Affonso Romano de Sant’Anna
            Renato Lessa, que dirige a Biblioteca Nacional, me pediu uma frase  para colocar num dos tapumes que cercam a instituição enquanto ela é retaurada. Ocorrem-me várias. Mandei-lhe essa:  Ler é apropriar-se do mundo.
            Mas outras são possiveis. E releio o que tenho escrito aqui e ali.
            Tudo é leitura.Tudo é decifração. Ou não. Ou não, porque nem sempre deciframos os sinais à nossa frente.
            Não é só quem  lê um livro, que lê. Um  paisagista lê a vida de maneira florida. Fazer um jardim é reler o mundo, reordenar o texto natural.
            Tudo é narração. Até  o quadro “Branco sobre Branco”de Malevitch  conta  uma estória.
         
            A gente vive falando mal do analfabeto. Mas o analfabeto tambem lê o mundo. As vezes, sabiamente.
            Ler é uma forma de escrever com a mão alheia.

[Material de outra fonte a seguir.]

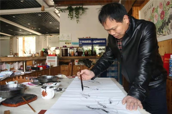 看到商机的陶曹伟于2018年在原来烧成灰烬的厂房基础上建起了集住宿、餐饮、娱乐、休闲为一体的民宿,取名“九松阁”。民宿后面是一座高山,放眼望去九棵松树高大挺拔,其中一棵虽已断了半截,但松针仍然绿意浓浓,枫树叶红、竹林摇曳,层林尽染,如一幅彩色山水画卷。山脚与民宿之间隔着一条“后门溪”,溪水清澈,几群水鸭游弋期间。朝着陶村方向,站在民宿的四楼阳台上,整个陶村尽收眼底,往右望去,延福塔巍然挺立……。 “九松阁”民宿前的公路是武义县城到宣平柳城一带、牛头山的必经之路,加上村里的新农村建设,延福寺的修缮,前来旅游的游客日益增多,20个房间每天基本客满。而民宿里所用的蔬菜、猪肉、鱼、豆制品等食材都是从当地或附近村民手中购买。 采访中,村里一位姓陶的75岁村民说,平时田间地头种的菜,自己根本吃不完,但是要说拿到市场去卖又显得数量不多,也麻烦,一部分就老掉,烂掉不能吃了,很是可惜。现在拿到陶曹伟这里来,他都会以不低于市场价的价格给买去,使一些村民不仅多得了一些收入,也不造成浪费,大家心里也高兴。 经过3年时间的努力,“九松阁”成为了颇有名气的民宿,除了武义及周边县市的顾客,也吸引了不少上海、杭州、宁波等地的顾客前来住宿、就餐、休闲,有的一住就是十天、半月甚至个把月时间。隔三差五有同学会、婚庆等在这里举行。陶曹伟计划明年进一步扩大民宿规模,使民宿房间达到40间以上。现“九松阁”民宿已成为武义县餐饮行业协会理事单位,在武义县首届农家乐民宿中式烹调师技能比武大奖赛中还获得了“特色菜点奖”。涅槃般获得重生的陶曹伟,工作之余,便写写毛笔字,学画画,喝喝茶,与妻子到民宿后的山上溜达溜达,生活过得很是惬意。(王东方) |

            Insistir na leitura (apenas) como um prazer é prometer um parque de diversões onde o leitor encontrará às vezes uma usina de trabalho.
            Leitura é uma  tecnologia. 
            Você já leu todos esses livros?  Essa é a  pergunta que faz tanto o  operário quanto o  jornalista que vem à minha casa. A resposta pode ser variada:
-Li esses e muitos que não estão  aqui.
-Há livros que são para consulta eventual, outros que aguardam sua hora, outros que não lerei, alguns que nem lembro se li.
-Há outros que comprei de novo, pois não me lembrava de tê-los.
            É interessante a observacão  que encontro no livro de Caillé e Rey, de que  “de uma certa maneira Sherazade inaugurou a ideia do tratamento da loucura através dos contos”.
            O combate ao crime e à degradação moral pode ser encaminhado através do livro. Para cada bala perdida, uma biblioteca implantada.
            Nossa cultura conheceu a passagem do “regime de escassez”ao “regime de abundância” ou, talvez, de excesso de informação. Diz-se que ao tempo de Gutemberg havia em toda Europa cerca de 9 mil letrados.
            Carecemos de uma história alheia para esticar a nossa.
            Amar no amor alheio.
            Amar com o amor alheio.
            Amar pela  fala alheia.
            A realidade não pode viver sem a ficção.
            Estive com Mr.Cullman várias vezes. Ele e sua mulher Dorothy são benfeitores da New York Public Library. Discretamente, uma assessora da NYPL me revela que Cullman já deve ter dado US$ 20 milhões para aquela instituicão.
            Literatura é um elemento mediador e o “eu”do escritor é um “eu”de utilidade pública. A literatura faz acontecer.
            Além do analfabetismo convencional  há o analfabetismo tecnológico, que faz com que estejamos reaprendendo diariamente novas linguagens.
            Paixão de ler. Ler a paixão.
            Como ler a paixão se a paixão é que nos lê? Sim, a paixão é quando nossos inconscientes sofrem uim desletrado terremoto. Na paixão somos lidos à nossa revelia.